振り返れば、会社生活というのは、苦しいときの思い出のほうが残る。逆風下でのチームの結束力は、強かった。あのときに何を考えたかと言えば、「リーダーは、どんなに辛いときでも、下を向いてはいけない。下を向くと、チームがもっと落ち込む」ということだった。そんな逆風下、分け隔ては禁物だ。そして、ああいう体験こそが、チームを強くする。
「隔之一字、人情之大患」(隔の一字は、人情の大患なり)――隔とは分け隔てのことで、それは人々の思いにとって大きな憂いとなる、との意味だ。中国・明の処世道の著『呻吟語』にある言葉で、たとえ逆風下でも、部下の実績や職位に関係なく全員と同じように向き合い、意見を聞き、針路を示す布施流は、この戒めと重なる。
1960年2月、千葉市で生まれる。父はサラリーマンで、母と妹の4人家族。小学校を卒業するころ、テレビでミュンヘン五輪を目指す男子バレーボールの「ミュンヘンへの道」を観て感激し、中学でバレーボール部に入る。高校でも続け、早大商学部でも同好会に入った。
同好会では、歴代の先輩が東京女子大のバレーボール部の指導を受け持ってきて、2年の秋に監督の座を譲られた。13部制の関東女子リーグで、8部から7部に昇格したころで、7部には6校。他の5校とは力の差が大きく、部員全員に「うちの強みは何だと思う?」と問いかけた。もっと上へ昇格するには、その強みを発揮し、相手の弱点を突けばいい。そう説いて、週3回通い、卒業までに4部へ昇格させた。
控えの部員にも問いかけ、「隔之一字」を避けたのは、思いを共有してほしいからだ。
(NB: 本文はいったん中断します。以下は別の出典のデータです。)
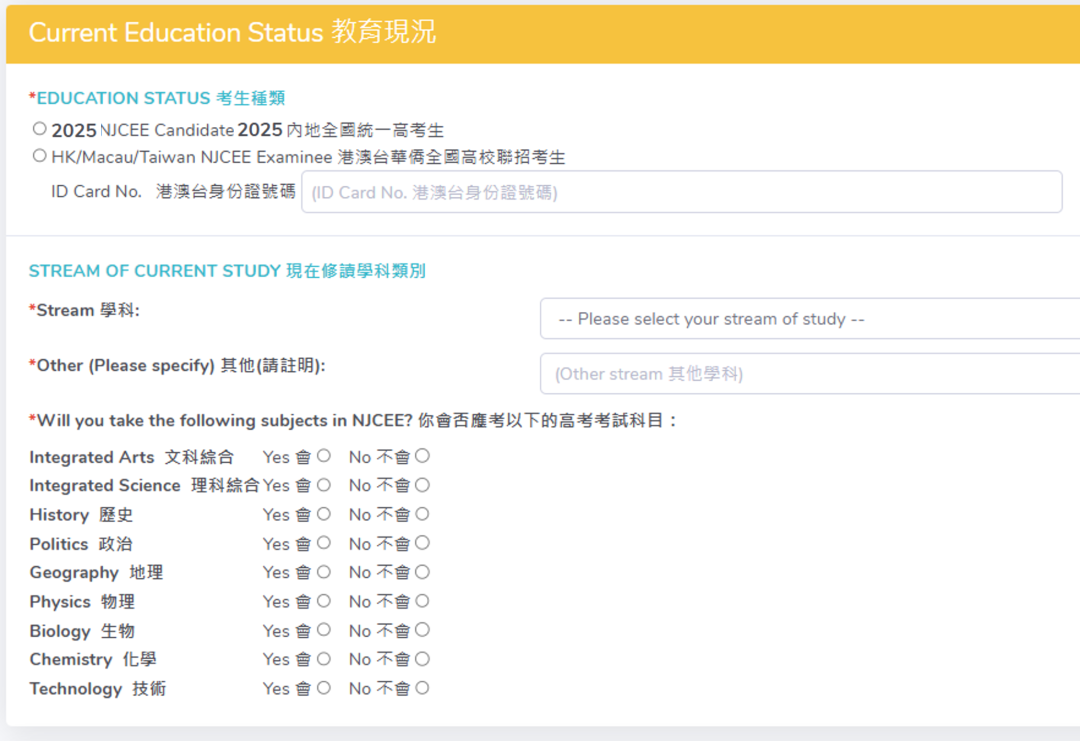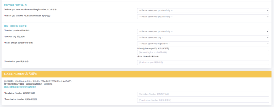 * 如未知高考编号,可先不填,但务必于请2025年6月28日中午12点前登入系统补齐。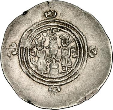 While most early Arab-Sasanian drachms have bism Allah in the obverse margin, this rarer type bears the shorter legend lillah, (‘For God’). Lillah in Arabic is visually similar to the Pahlawi APD legend commonly found on the Sasanian drachms of Khusraw II which this type copies. Making their new Arab-Sasanian drachms resemble pre-Islamic prototypes as closely as possible will have helped ensure their acceptance in the former Sasanian lands.
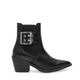 Esta bota corta en tono negro combina estilo clásico con un toque moderno gracias a su hebilla metálica en acabado envejecido. Elaborada en material tipo piel de textura suave, cuenta con panel lateral elástico que facilita el calce y asegura un ajuste flexible. Su tacón ancho de altura media proporciona comodidad y estabilidad, ideal para llevar todo el día. Perfecta para looks casuales o semi formales, desde jeans hasta vestidos.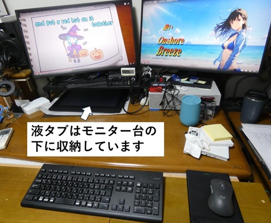 YouTubeに投稿している曲の動画中に差し込んでいるイラストは、私が液晶タブレット(液タブ)で描画しているのですが、液タブは下の写真のようにモニター台の下に普段は収納しております。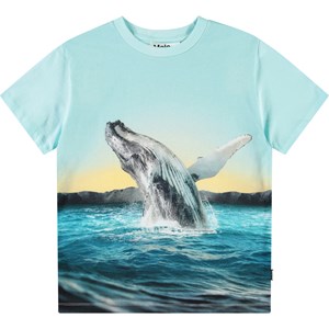 Hellblaues T-Shirt aus weicher Öko-Baumwolle mit geripptem Ausschnitt. Das T-Shirt hat eine lockere Passform mit einem Frontdruck eines blauen Wals, der im weiten offenen Meer springt.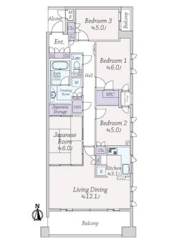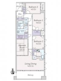 間取り 4LDK 専有面積 87.94m2(26.6坪) 壁芯
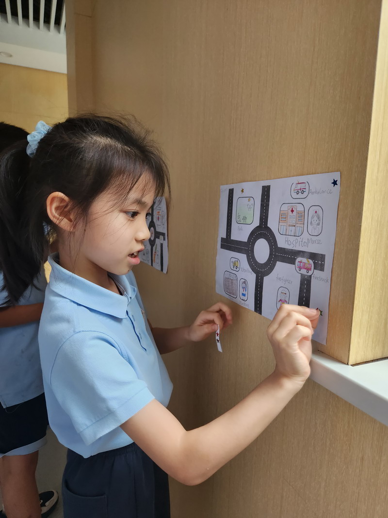 小朋友們在外教老師的帶領下認識社區里的人、地點和交通工具。通過討論和頭腦風暴,他們掌握了構成我們日常生活基礎的錯綜復雜的關系網。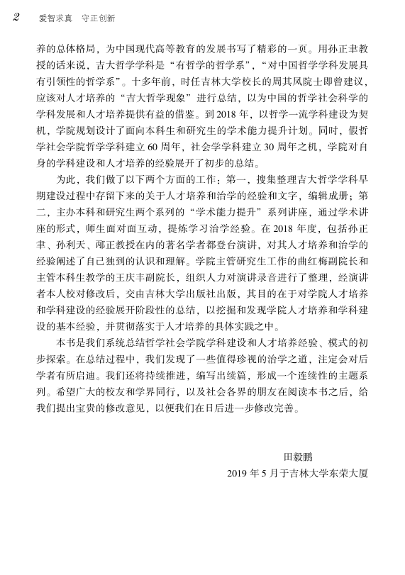 近日,《哲学一流学科学术教育提升工程系列之一:爱智求真 守正创新》一书由太阳成集团tyc122cc出版社出版。太阳成集团tyc122cc哲学学科人才培养以能力提升为着力点,重点实施“学术教育提升工程“,由十余位国内外著名专家学者就学术教育展开针对性专题讲座,总结吉大哲学人才培养的优秀传统,提高人才培养质量。在这些讲座的基础上,太阳成集团tyc122cc还收集整理吉大哲学学科早期人才培养的相关经验,最后结集出版《爱智求真 守正创新》一书,作为哲学学科人才培养的阶段性总结。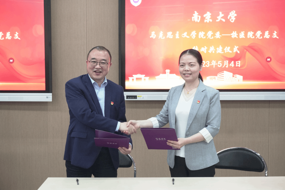 Pairing up for party building leads to progress, while attracting talent shapes the future. The CPC Committee of NJU School of Marxism and the General Party Branch of Nanjing University Hospital will work together to implement the guiding principles of the 20th National Congress of the CPC through fully playing the core and guiding role of primary-level Party building, with the aim to enhance their joint efforts of Party building by complementing each other’s strengths, sharing resources,negotiation, and cooperating in organizing activities.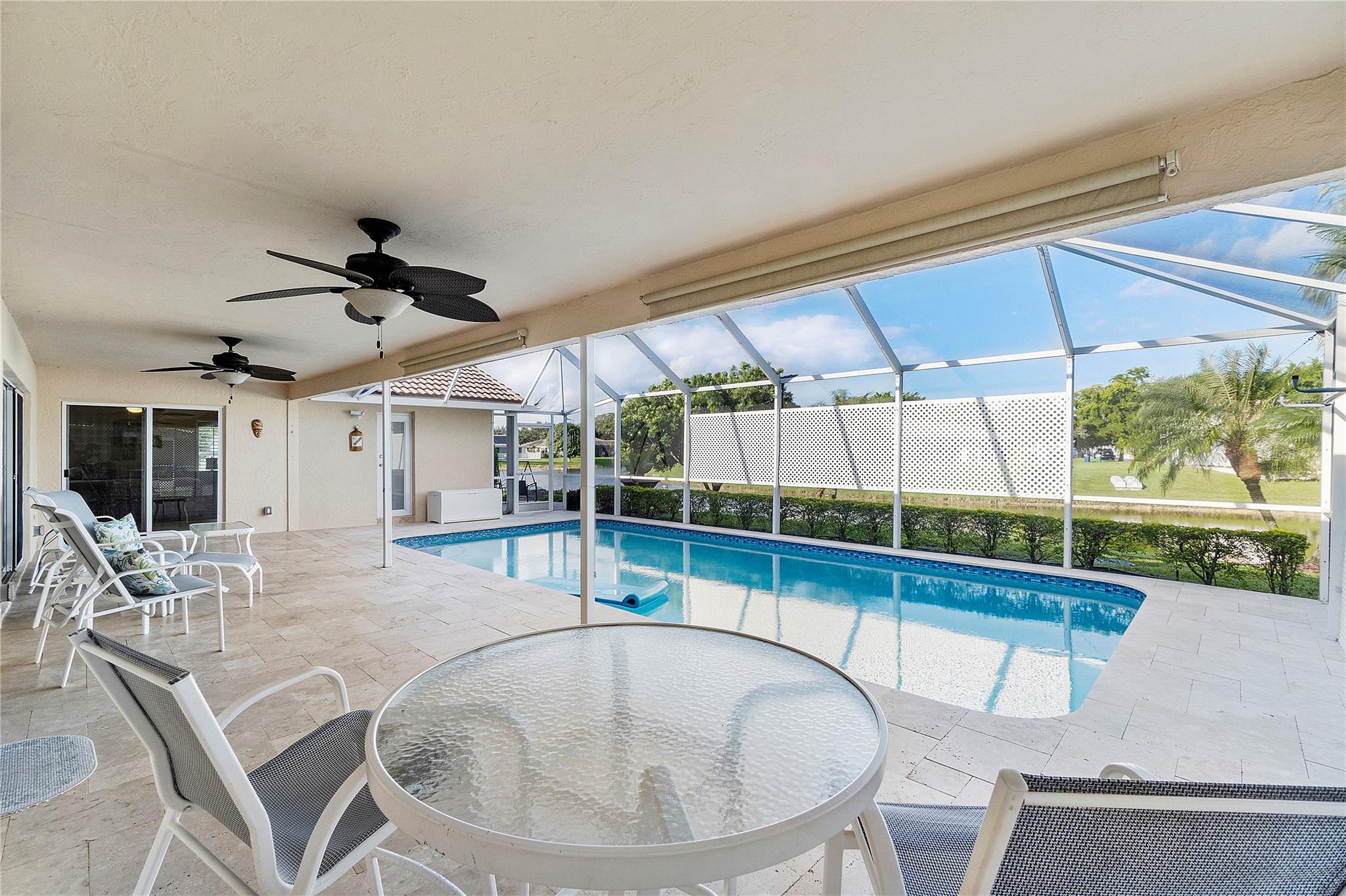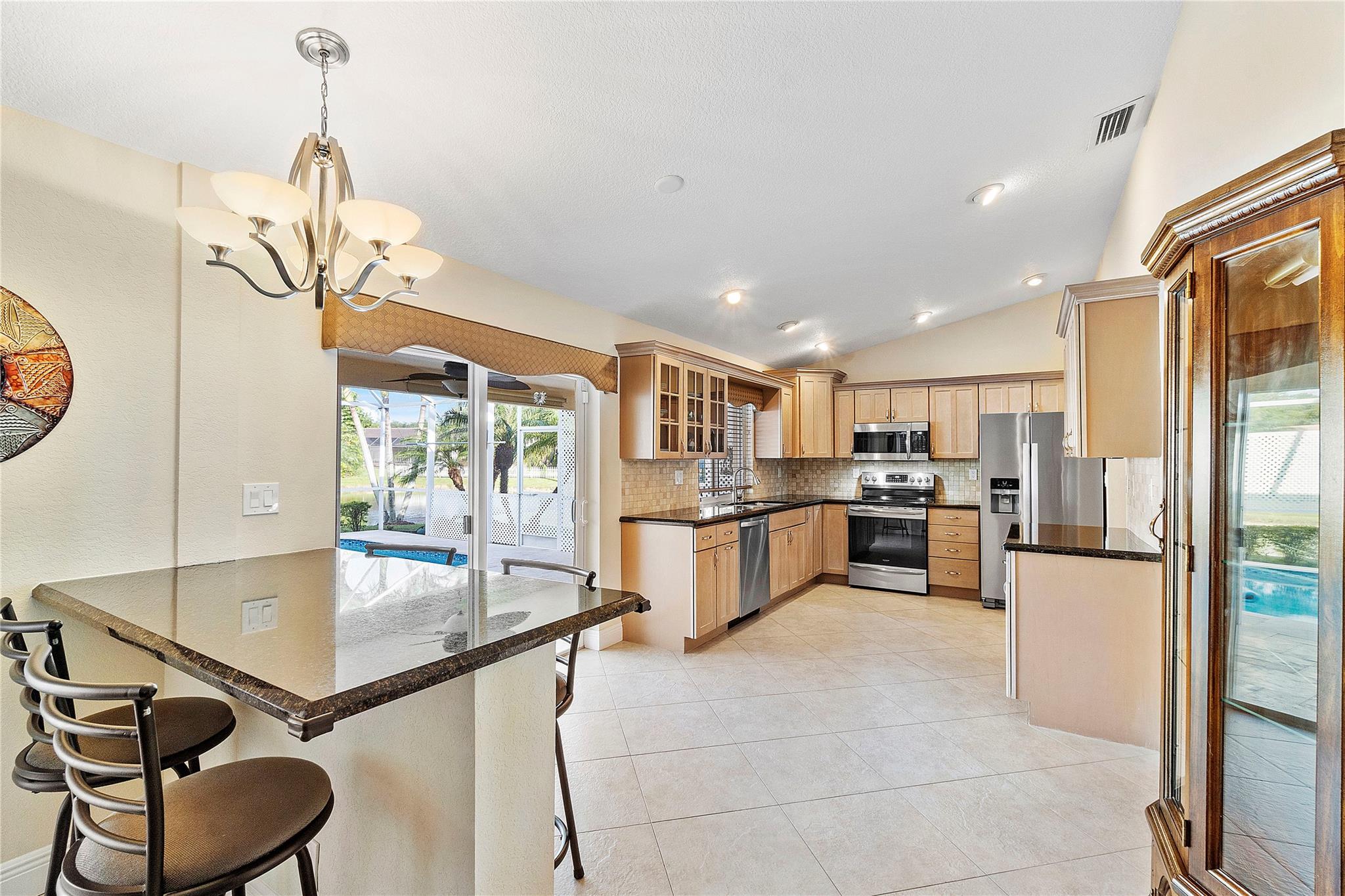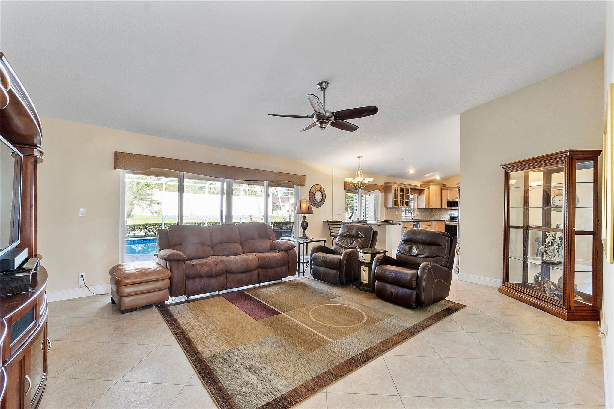 AMAZING OPPORTUNITY TO OWN THIS METICULOUSLY MAINTAINED TURN KEY 4 BEDROOM PLUS 2.5 BATH POOL HOME ON PRIME INTERIOR WATERFRONT LOT. THE MOMENT YOU SET EYES ON THE IMPRESSIVE CURB APPEAL OF THE OUTDOOR SPACES WITH CIRCULAR STAMPED CONCRETE DRIVEWAY, ALL IMPACT WINDOWS AND DOORS, PLUS LUSH LANDSCAPING IS A REFLECTION OF THE WARMTH AND INVITING INTERIOR WITH HIGH VAULTED CEILINGS. PORCELAIN TILE FLOORS (NO CARPET), FRESHLY PAINTED INTERIOR AND EXTERIOR, NEW AC (2022), NEWER SS APPLIANCES, UPDATED BATHROOMS (2021) SOLID SURFACE COUNTERS, ELECTRIC SHADES, PLANTATION SHUTTERS, AND HUGE FAMILY ROOM AND LIVING ROOM! ENORMOUS SCREENED RESURFACED HEATED POOL WITH TRAVERTINE (2020) DECKING PERFECT FOR RESORT ENTERTAINING & BEST SUNSETS. CAMERAS & GENERATOR INCLUDED. NO HOA! GREAT CYPRESS GLEN AREA.

しかも、控えの面々のほうが、一生懸命に練習していた。それをみて「全員で1つのチームなのだ。絶対に分け隔てはいけない」と思う。スポーツでも会社でも、優秀な人とそうでない人があるのは当然でも、すべてを公平にしないと、チームは成り立たない。とくに、日が当たらないところで頑張っている人たちに、光を当ててあげたい。
就職では、「ビールはわかりやすく、身近な商品」という点から興味を持ち、面接を受けた。もちろん、ビールが好きだった。